Government can’t make jobs, or at least any jobs that actually create wealth (govt. jobs are a net negative to GDP). The best and only thing the government can really do to help employment is to have policies that encourage economic growth. Wealth is created by businesses, so the government must do all it can to stay out of the way, or even grease the skids, for business. Good trade policies, reasonable and understandable tax policies, regulations limited to the minimum truly required, support production of energy, good interstate commerce and financial regs, protect the borders, etc. Also the government has to stop discouraging people from working by paying them indefinitely to not work, providing college grants to people who never attend a single class, penalizing people for getting married, paying unmarried moms to have more babies, etc. Destruction of marriage and family is the biggest govt. crime ever, directly related to our ever-declining labor participation rate.
And what if the feds just let businesses and citizens keep most of the money they earn, instead of taking so much in only to waste half and redistribute the rest? Wouldn’t there be a lot more jobs and prosperity?
Thanks – good to hear from you. By the way, 6 inches of snow here in the Carolinas today. They are freaking out!

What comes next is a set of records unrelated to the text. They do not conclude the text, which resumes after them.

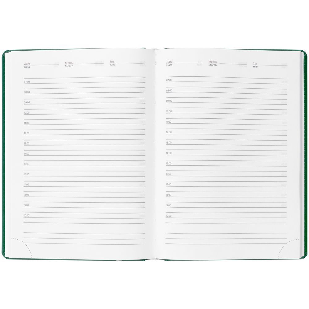 Классическая обложка с поролоном из материалаNebraska, зеленый FF.Блок 920: недатированный, с информационным блоком.Кол-во страниц — 336;Бумага — белая, плотность 70 г/м²;Форзац и нахзац — белые.
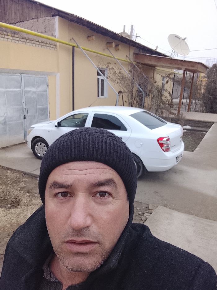 An outdoor scene in Yangiaryk, Uzbekistan, depicts a male subject in the foreground captured in a selfie perspective, with a residential building and a parked vehicle in the background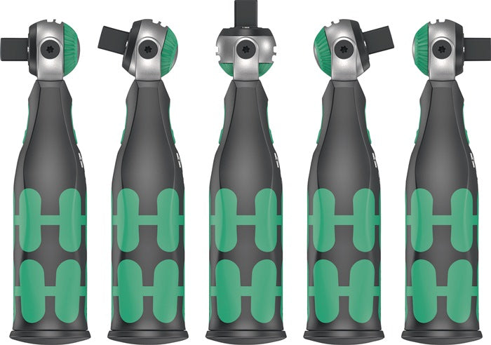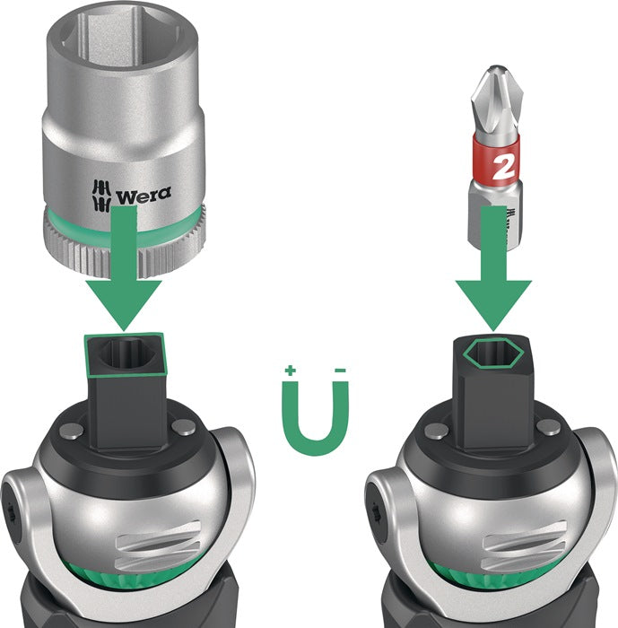 avec cliquet pivotant et réversible 8009 Zyklop - avec logement d'outil combiné adapté aux douilles à emmanchement carré de 10,0 mm (3/8″) et aux embouts à emmanchement hexagonal de 6,3 mm (1/4″) (C 6,3 et E 6,3) - manche Kraftform à plusieurs composants - intégré dans le manche, magasin imperdable et librement orientable avec 12 embouts - tête de cliquet librement orientable (position définie à 0°, 15° et 90° vers la gauche et la droite) - utilisable en position 0° comme un tournevis conventionnel - commutation gauche/droite - prise directe magnétique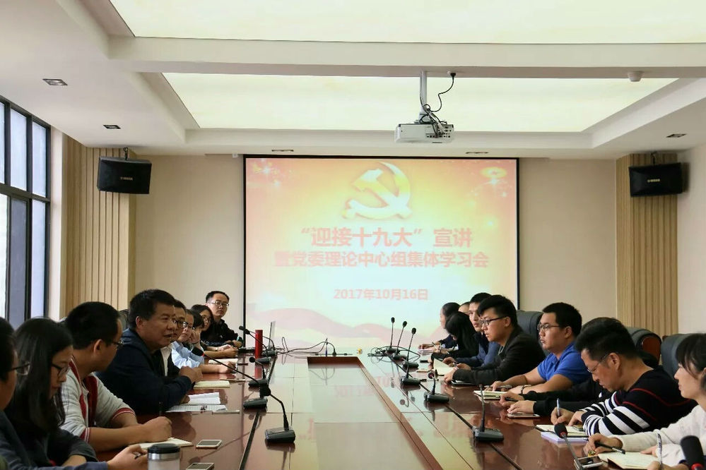 为统一思想,凝聚共识,以优异成绩迎接党的十九大胜利召开,10 月 16 日下午4时,我校隆重召开“迎接党的十九大宣讲”暨党委理论学习中心组集体学习会。学校党委委员,纪纪委委员,校级党委领导干部,各党支部书记等人集体参加学习。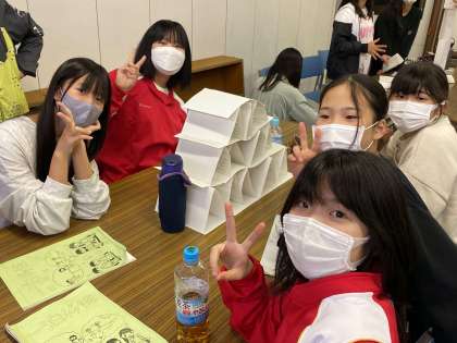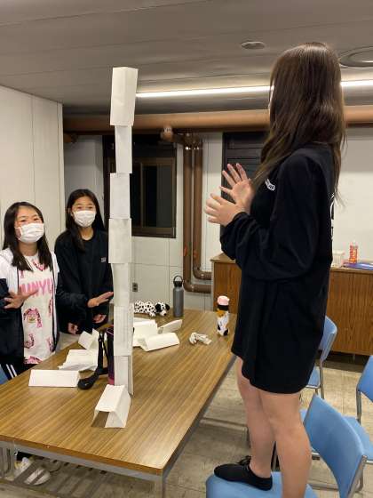 ペーパータワー対決では、班ごとに工夫を凝らして、高さを競いました。

Thanks, Tom. I remember that program in Lewistown and have an idea why it didn’t work. You mentioned three reasons. Part of it was they were supposed to earn a GED or diploma if they didn’t have one, but some were too lazy to do that. They were even paid to attend class! I was thinking more of industrious people who needed training for a new job. As for snow back there, lots of people, not enough resources to tackle the overwhelming snow removal problem, and other problems leave them desperate when they get more snow than they can handle. I have relatives in PA who were without power for a few days. That would cause me to panic.Thanks for the reply. Take care out there.